Methodology of ecoinvent 3

Methodology of ecoinvent 3

Why is the LCIA score of a certain product negative?

In most these cases, the production of materials and services creates a mix of burdens and credits. When a score is positive, like in most cases, the net effect is a damage on the environment.

However, in some cases, a score is negative, indicating that the credits are larger than the burdens. Several elements can explain a negative score.

Negative characterisation factors


Some substances are paired with a negative characterisation factor (CF). These substances are recognised for example to contribute to global cooling. In the case of CO2, some exchanges represent long-term carbon sequestration. In-depth explanation about this topic can be found in the LCIA implementation report, available in the file section of ecoQuery for the users with a licence.
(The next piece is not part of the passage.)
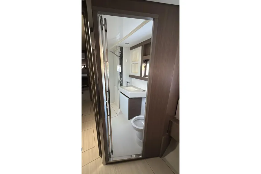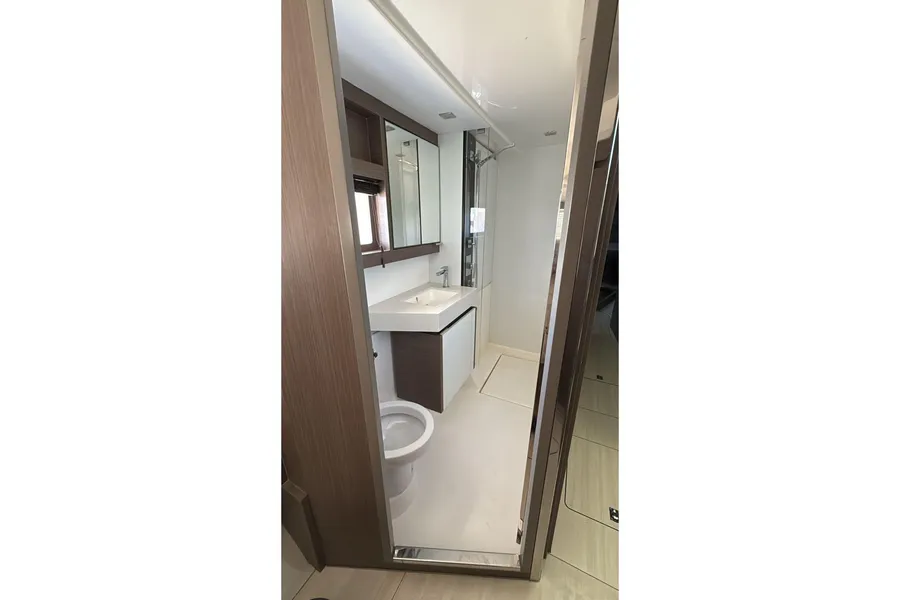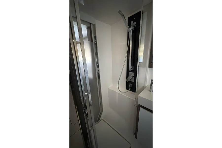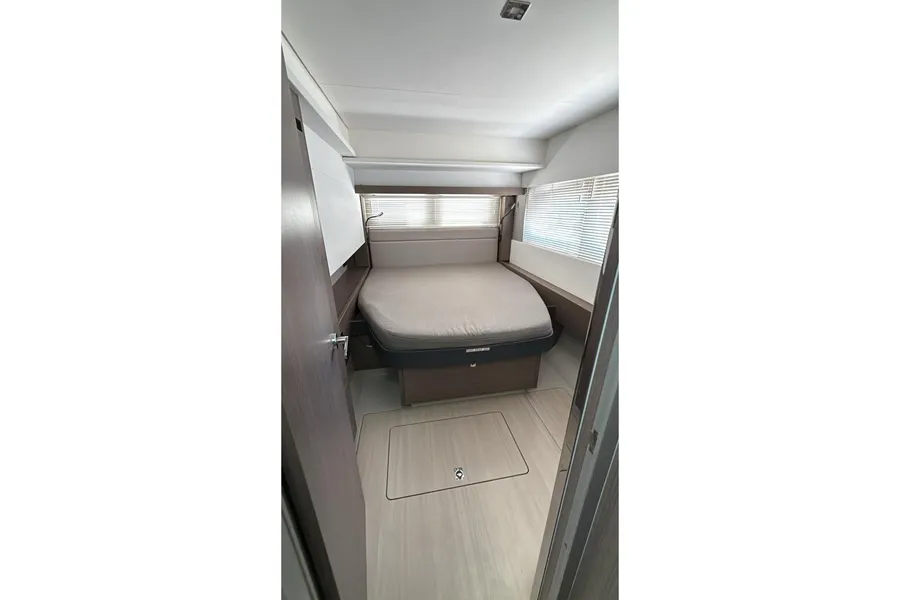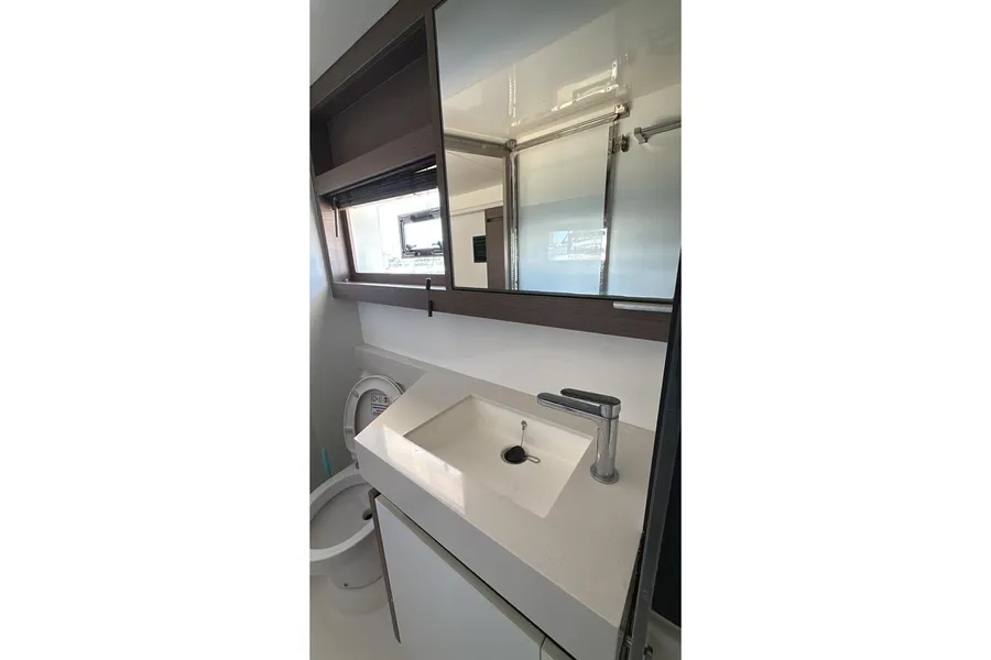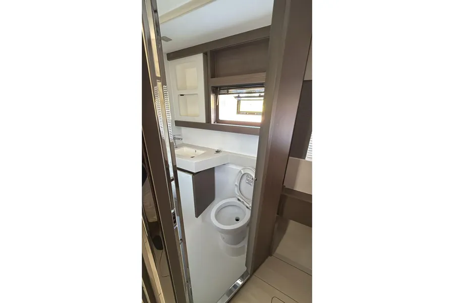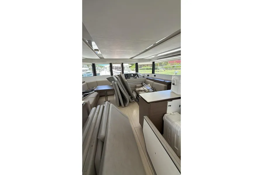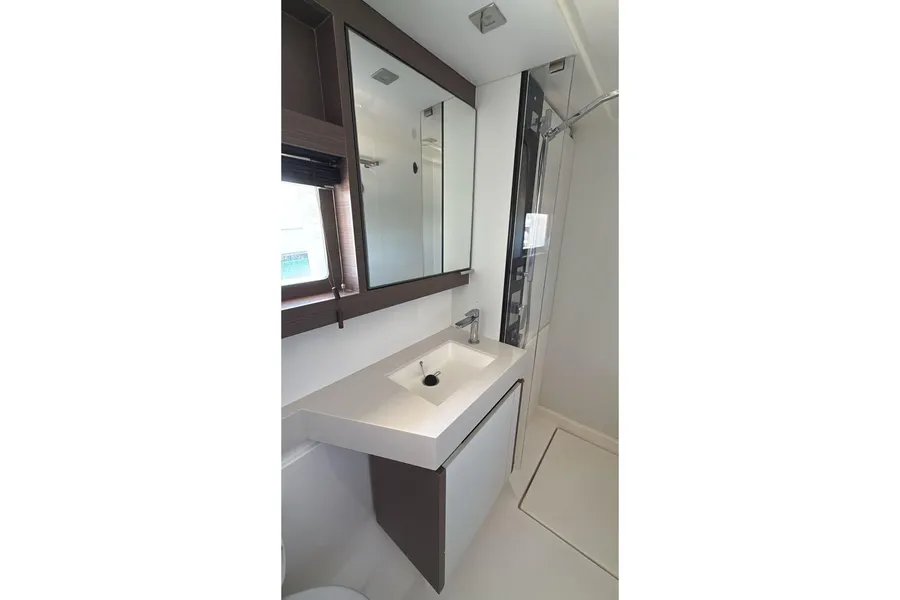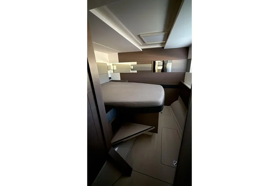 The saloon offers large, panoramic windows, an L-shaped lounge to port and a 2-person settee to starboard with an option to add an interior navigation station.  The flow is seamless with access to foredeck through the forward saloon door.

In the case of water impact assessment, for some methods, water consumed is characterised with a positive CF (water consumption has damaging effect), and water emitted has a negative CF (putting the water back to the environment is beneficial).

Avoided production

Depending on the way multi-output datasets are allocated, or if consequential modelling is applied, the production of a certain intermediate exchanges can result in the decrease of production of another. This avoided production, displayed in the scaling vector with a negative sign, will propagate to this dataset's contribution to the inventory.

Negative emissions

Some substances are emitted with a negative amount. This is the case for example of uptake of certain metal by crops.

It is not possible to guess the cause of a negative impact score. When confronted with this situation, just like any seemingly counterintuitive result in LCA, it is necessary to investigate by analysing the contribution of each unit process and elementary exchange to the final score. Software tools are usually designed to facilitate this kind of assessment.